За несколько часов до войны
Разбудил проводник:
– Подъезжаем, товарищи командиры!
Стояло раннее солнечное утро. На привокзальной площади одиноко чернела штабная «эмка». Встречавший нас старший лейтенант сообщил, что начальник инженерного управления округа генерал Васильев просит прибыть в штаб.
– И что ему не спится? – удивился Колесников.
Генерал Васильев, гладко выбритый, подтянутый, являл собою образец отменного здоровья и отличного настроения. Сообщил, что на полигоне к предстоящим учениям все готово, предложил пройти к начальнику штаба округа.
– Неужели из-за учений все начальство уже в штабе? – спросил я.
– У начальства всегда есть причины недосыпать! – отшутился Васильев.
Начальник штаба округа В. Е. Климовских, в отличие от генерала Васильева, выглядел хмурым, замкнутым. Поздоровался кивком, но от телефонной трубки не оторвался. Минуту-другую спустя извинился, сказал, что крайне занят:
– Встретимся на полигоне!
Командующий округом Павлов тоже говорил по телефону. Раздраженно требовал от собеседника проявлять побольше выдержки. Показали командующему программу испытаний. Он посмотрел ее, недовольно заметил, что инженеры опять взялись за свое: слишком много внимания уделяют устройству противотанковых заграждений и слишком мало – способам преодоления их.

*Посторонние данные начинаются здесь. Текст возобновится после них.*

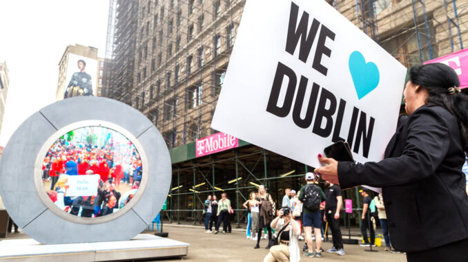 Y el siguiente caso viene directamente del Primer Mundo, de Nueva York y Dublín. Hace poco habilitaron en ambas ciudades un “portal” que las comunicaba en tiempo real. No, no habían resuelto el tema de la teletransportación, sino que simplemente era una pantalla en forma con forma de dona que conectaba en vivo y en directo ambas ciudades.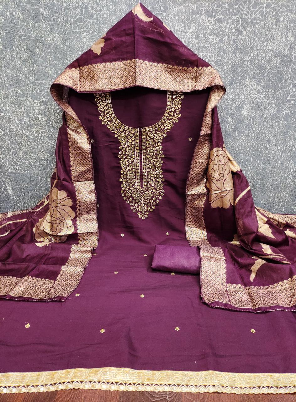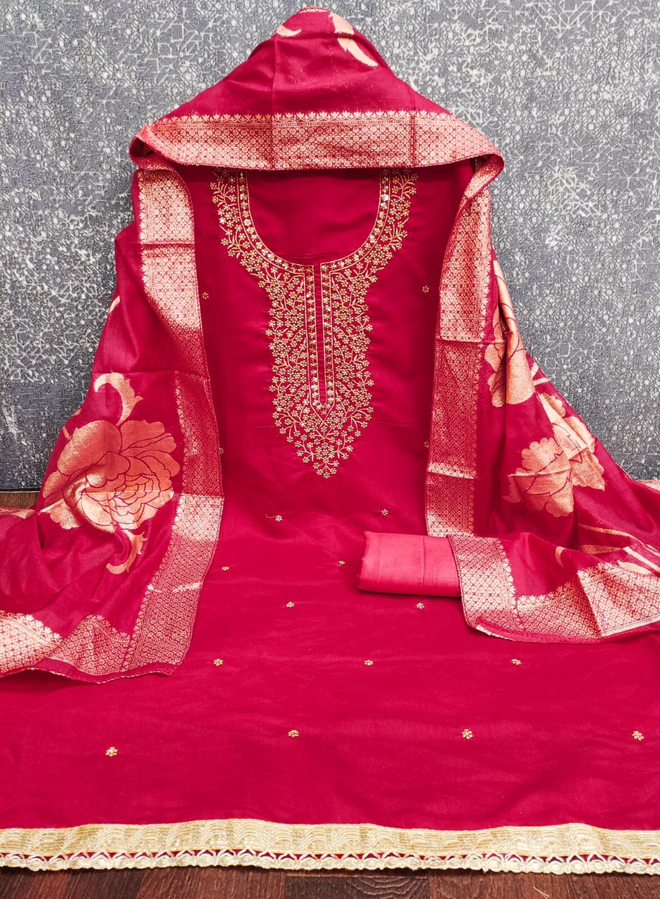 Premium Roman Silk Suit with Heavy Embroidery & Woven Silk Dupatta (Unstitched) kgm brand

В это время вошел Климовских:
– Товарищ генерал армии, важное дело…
Павлов взглянул на нас:
– Подумайте над программой. До свидания. До встречи на учениях.

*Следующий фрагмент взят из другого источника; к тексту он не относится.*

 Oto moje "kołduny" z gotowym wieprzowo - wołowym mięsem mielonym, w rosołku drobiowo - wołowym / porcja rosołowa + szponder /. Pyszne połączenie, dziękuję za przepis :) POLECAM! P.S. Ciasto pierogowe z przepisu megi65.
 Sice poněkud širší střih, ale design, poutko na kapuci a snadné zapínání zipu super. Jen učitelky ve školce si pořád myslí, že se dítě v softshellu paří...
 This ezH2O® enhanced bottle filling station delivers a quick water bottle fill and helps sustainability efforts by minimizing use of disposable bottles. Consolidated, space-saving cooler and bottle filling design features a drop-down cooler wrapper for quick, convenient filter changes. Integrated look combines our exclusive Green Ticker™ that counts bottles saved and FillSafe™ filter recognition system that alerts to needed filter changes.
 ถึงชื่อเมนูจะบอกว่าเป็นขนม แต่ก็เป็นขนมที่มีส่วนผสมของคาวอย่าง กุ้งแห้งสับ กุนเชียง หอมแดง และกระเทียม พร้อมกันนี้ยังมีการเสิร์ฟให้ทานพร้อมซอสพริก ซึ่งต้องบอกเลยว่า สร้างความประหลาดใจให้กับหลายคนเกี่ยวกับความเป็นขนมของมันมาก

Пока мы не закрыли за собою дверь, генерал Климовских не проронил ни слова.
Озадаченный и встревоженный увиденным и услышанным, я решил повидать генерала Клича, командующего артиллерией округа. Может, он что-нибудь разъяснит?
– Вольф! – воскликнул Клич, вспомнив мой испанский псевдоним. – На учения? Рад тебе, рад! Только боюсь, сейчас не до учений.

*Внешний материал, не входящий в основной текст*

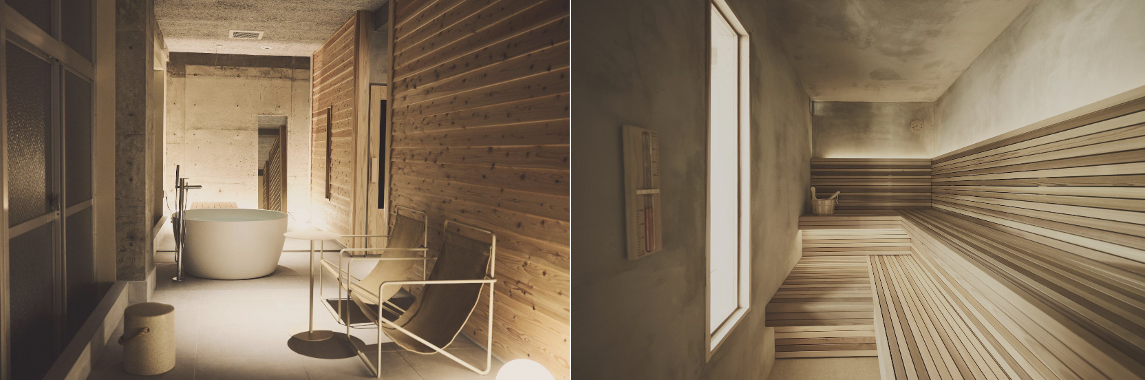 テキスタイルデザイナー・PARANOMADの原田美帆氏が手がける客室内のファブリックには、丹後の地で織り継がれてきた「ちりめん」を使用。各客室のルームナンバーには藤織作家である坂根博子氏による布片に、藤蔓の糸で刺繍を施しました。また、客室をはじめ、cafe & bar「菓寮 浮雲」やサウナなど、館内にはcredenzaの堀正樹氏がキュレーションしたインテリアやアートピースが並びます。

Он сообщил, что гитлеровцы непрерывно подтягивают к границе войска, подвозят артиллерию и танки, совершают разведывательные полеты над нашей территорией, а многие командиры в отпусках, большая часть автомашин и тракторы-тягачи артполков забраны на строительство укрепленных районов.
– Случись что – орудия без тяги! – возмущался Клич. – Павлов каждый день докладывает в Москву о серьезности положения, а нам отвечают, чтобы не разводили панику и что Сталину все известно.
– Но ведь немецкие войска отведены на восточные границы Германии для отдыха? – осторожно заметил я. – Во всяком случае, в сообщении ТАСС от 14-го числа так и говорится.
– Я не сотрудник ТАСС, а солдат! – отрезал Клич. – И привык держать порох сухим. Особенно имея дело с фашистской сволочью! Кому это я должен верить? Гитлеру? Ты что, Вольф?
Продолжить беседу не удалось: Клича срочно вызвали к Павлову.
День прошел в подготовке к учениям: уточняли и изменяли пункты программы испытаний в соответствии с пожеланиями командующего округом. В конце дня я попытался еще раз увидеть Клича, но безуспешно.
– Поезжайте отдыхать! – сказал генерал Васильев. – Утро вечера мудренее. Случись что-нибудь серьезное, учения давно бы отменили, а все, как видите, идет по плану.
В словах начальника инженерного управления был резон. Мы отправились в гостиницу, выспались и ранним утром 21 июня, в субботу, выехали поездом в Кобрин, где располагался штаб 4-й армии, прикрывавшей брестское направление; необходимо было повидать начальника штаба инженерных войск армии полковника А. И. Прошлякова, обсудить с ним изменение программы учений.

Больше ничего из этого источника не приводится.